COIN #213. Beyond World Models: From Spatial Intelligence to Co-Intelligent Worlds

Fei-Fei Li’s taxonomy shows how AI may render, simulate, and plan. COIN asks how humans, AI, institutions, and ecosystems govern what becomes real.

Jun 10, 2026

Venkat Ramaswamy

In her recent essay on world models, Fei-Fei Li offers a remarkably clear taxonomy for understanding where AI may be headed next. Rather than focusing on language alone, she describes a future in which AI systems learn to perceive, simulate, and act within dynamic environments.

Her framework centers on three capabilities:

Renderers generate representations of worlds.

Simulators model how those worlds evolve.

Planners determine what actions an agent should take within those worlds.

Together, they form what she describes as an agent–world loop: An agent observes. The world changes. The agent updates its understanding. A new action follows. The cycle repeats.

At one level, this is simply a technical architecture.

At another, it represents a profound shift in how we think about intelligence itself.

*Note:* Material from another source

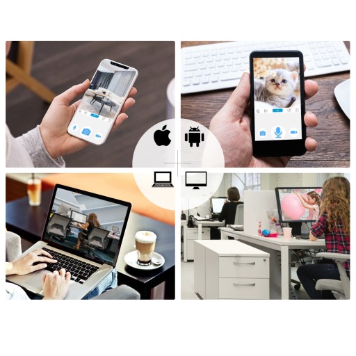【Multi-Platform & Easy Control】Dostęp do bezprzewodowej kamery wifi z SriHome APP w dowolnym miejscu i czasie. Sytuacja życiowa może być dostępna poprzez iOS/Android mobile Phone, Windows PC , Apple Mac Software i tak dalej.Wsparcie dla WIFI, AP hotspot i tryb LAN. Szybko skonfigurować WiFi z kodem QR sprawia, że ustawienie prostsze. Obsługuje również 5 użytkowników jednocześnie online do oglądania tego samego wideo.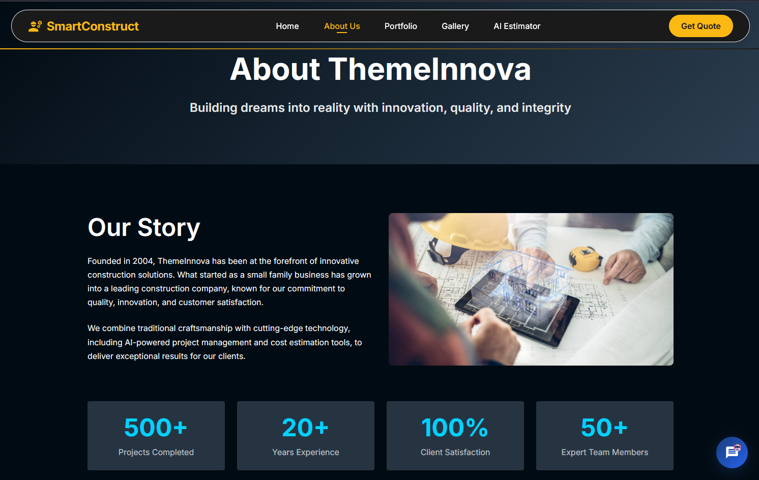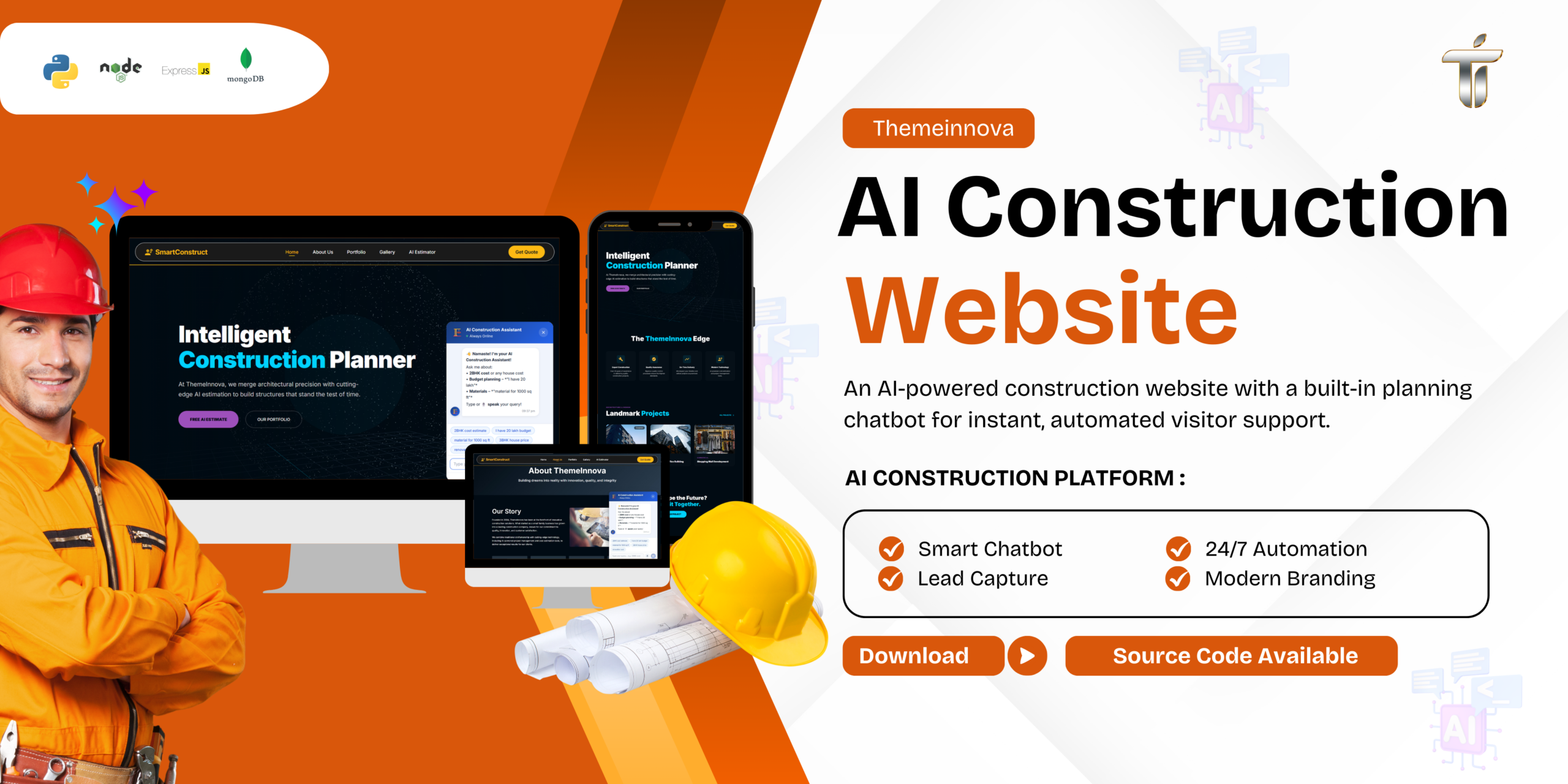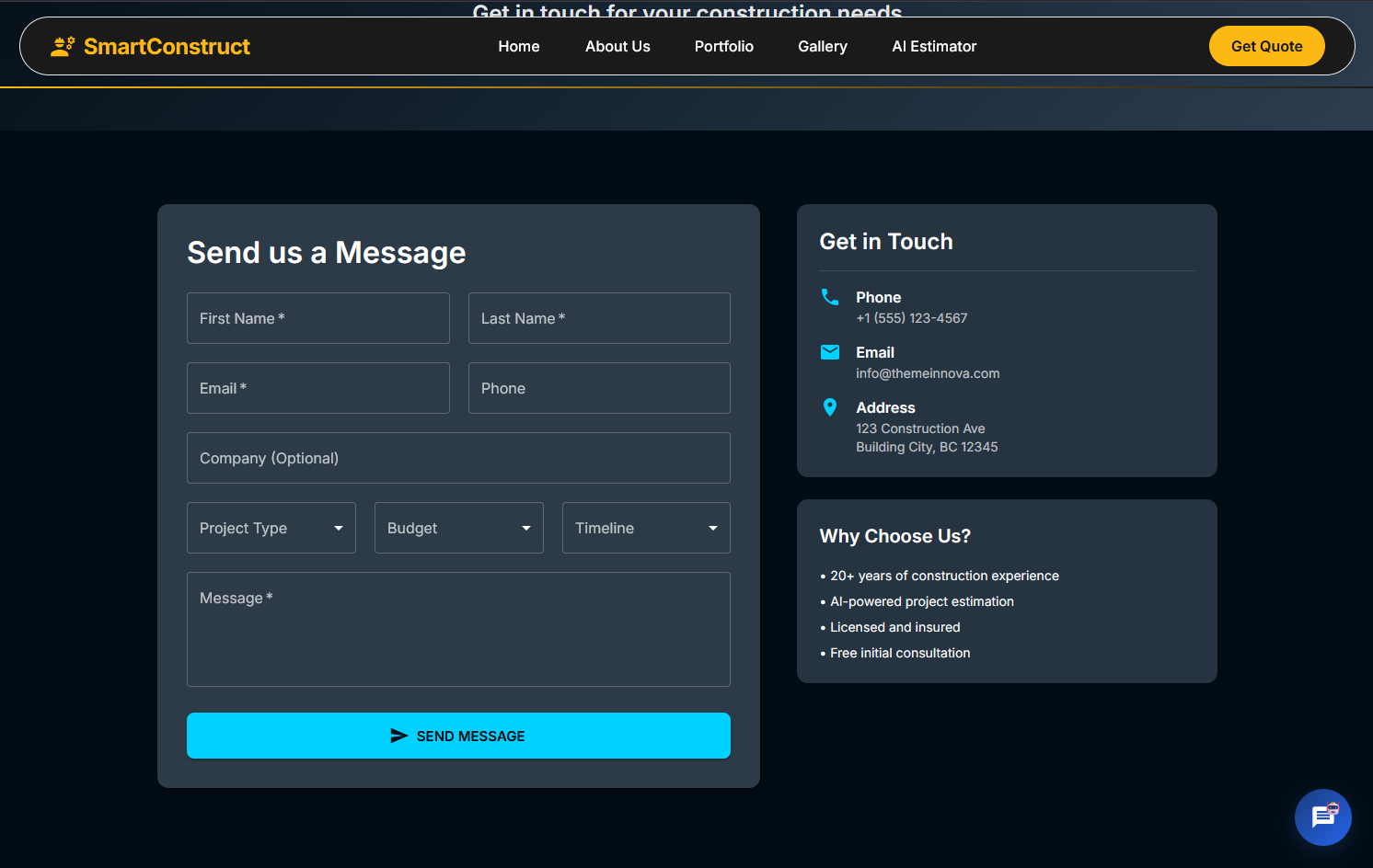 The AI Construction Website combines a professional construction layout with an integrated planning chatbot. It allows construction companies to provide instant assistance to visitors without manual intervention.

The first generation of AI systems learned to operate in language. The next generation may learn to operate in worlds.

Simulation sits at the center of this transition. Rendering can generate appearances. Planning can generate actions. Simulation connects the two by allowing AI systems to reason about consequences before they occur.

That capability may ultimately become one of the defining technologies of the twenty-first century.

Yet what fascinated me most was not the taxonomy itself. It was the discussion that followed. The comments revealed something deeper. They exposed the governance gap hiding inside the world-model revolution.

The Questions That World Models Cannot Answer

Several readers immediately recognized that rendering, simulation, and planning are necessary. But not sufficient.

One commenter raised the issue of referential integrity. How does a world model know that its internal representation still corresponds to reality?

The question sounds technical. In fact, it is philosophical. A model that ceases to correspond to reality eventually becomes detached from the very world it seeks to understand.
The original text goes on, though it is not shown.